Normal? It was cataclysmic, splitting me from the woman I had been; I’d become consumed, torn, embattled.
Early childhood uneventful.
(Uneventful? What about love? Breastfeeding, bedtime stories, walks in the park, the beach, the food? And what about the return to work, the tears, the promises, the late returns. The rushed talks. Events, good and bad, happened all the time.)
School
Academic record: Consistent excellence across the board (see attached report)
Extra tennis, Mandarin lessons, violin …
Personal and Social Development
History of pilfering: … stolen items … self-validating …
Alice calling for help, asking to be noticed. I flick back to Dr Harnham’s report.
Home Life and Early Psychiatric Morbidity (ages 4 to 8)
Father Consultant Oncologist (full time)
Mother Consultant Obstetrician and Gynaecologist (now retired
)
Parents co-habit: high level of expressed emotion … eased in holidays but not sustained … Child care delivered by series of au pairs.
They were safe, though. Efficient. I took up references …
Reported symptomatology occurring at this time: poor sleep, obsessive tendencies …
The footsteps I heard at night, months before we left for Africa, were Alice’s, not Sofia’s; Alice was listening to us even then.
The stolen things, the broken dolls, the rigid arrangement of hairclips: warning signs of a child who felt unsafe, attempting to order her world, the significance missed, then forgotten.
Alice felt left out of important family issues, e.g., exclusion from the fact of her mother’s pregnancy. Retrospective diagnosis at this stage: mild depressive disorder, with associated anxiety.
I should have told her. I wish I had. She was tired but coping. That was what we thought. We didn’t see anything … No: we didn’t understand anything.
Third sibling: born 37 weeks gestation normal delivery …
Alice experienced raised level of anxiety and depression around the welfare of the new baby and describes his birth in terms of a tipping point. She felt less visible to her parents from then on, and in addition to feeling more unsafe herself was concerned for the baby’s wellbeing, and also her sister’s. She has positive memories of time spent with a family friend, with whom bonding occurred, which mitigated these effects at this time.

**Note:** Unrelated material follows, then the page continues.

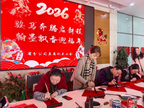 岁序更替,华章日新。为喜迎2026农历马年新春,丰富广大职工精神文化生活,传递工会“娘家人”的温暖关怀,营造喜庆祥和、昂扬奋进的节日氛围,2月11日,省分公司直属机关工会精心举办“骏马奔腾 新年迎福”迎春文化活动,以笔墨传福、以文体聚力,让浓浓年味与工会温情充盈职工心间。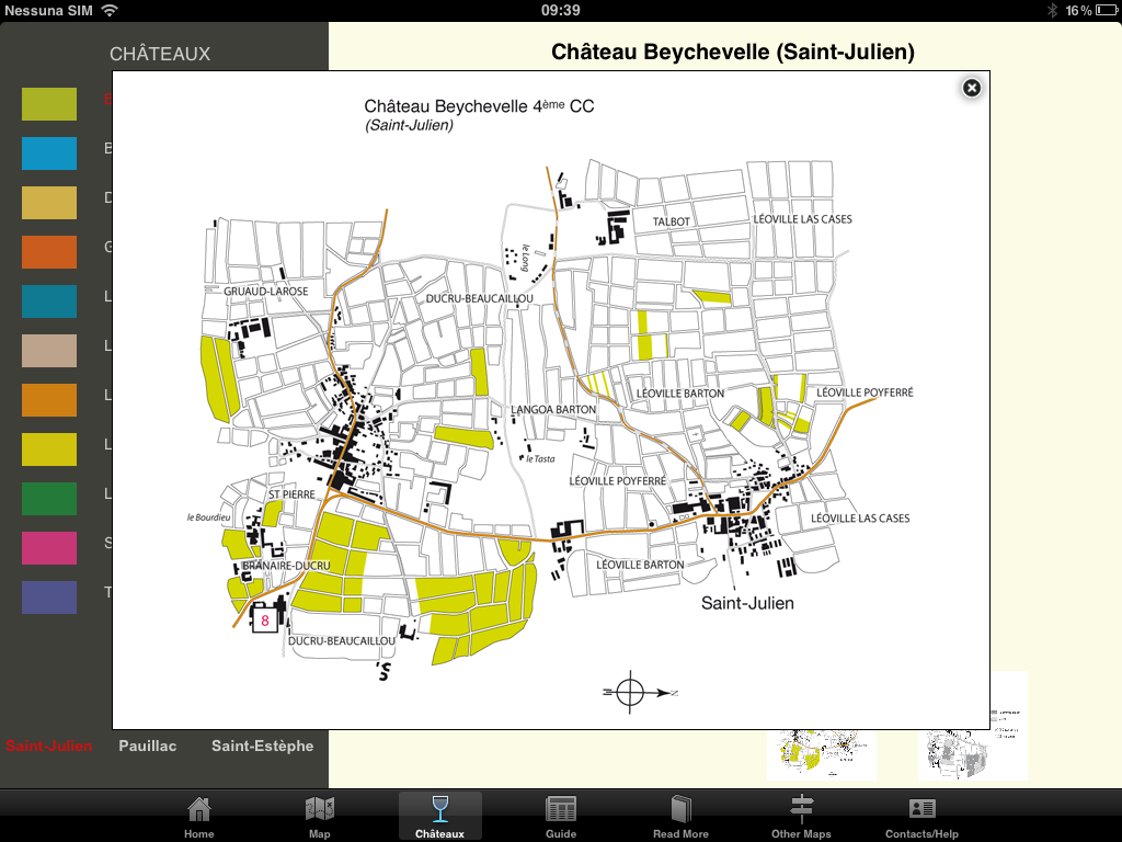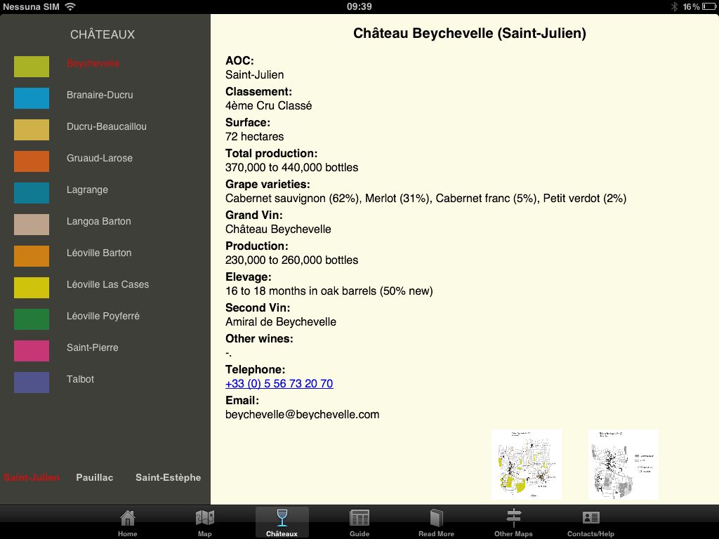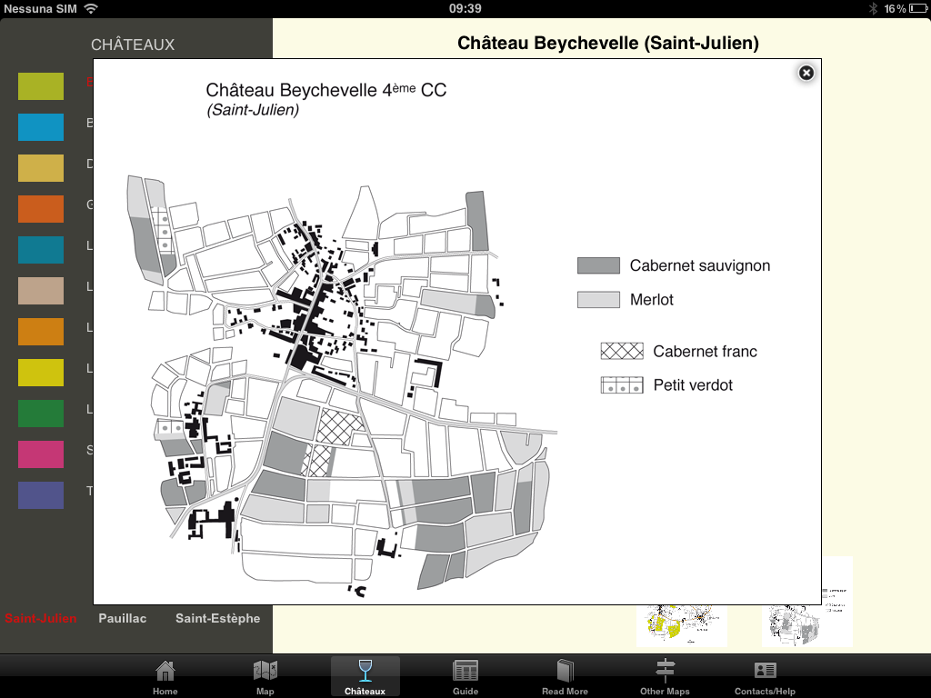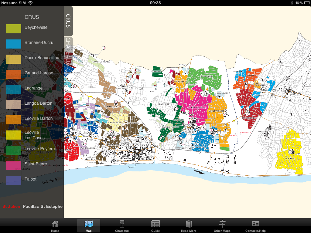 – a detailed, vineyard by vineyard map of the Pauillac, Saint-Julien, and Saint-Estèphe appellations (simplified in the iPhone version).

Megan saving us, as she still does, but even so, in spite of everything, sometimes I look at her peaceful face, and think, Could it possibly, still, be you?
History of Presenting Incident
The family moved to Kubung, Botswana, in December 2013 in order for Dr Adam Jordan to take up a planned research sabbatical. Alice experienced further anxiety, due to interruption of normal routines; and the loss of relationships with the family au pair and the above friend. Alice had been informed by her mother she would be at home during their sabbatical so she experienced significant loss of trust when her mother unexpectedly returned to work at six weeks.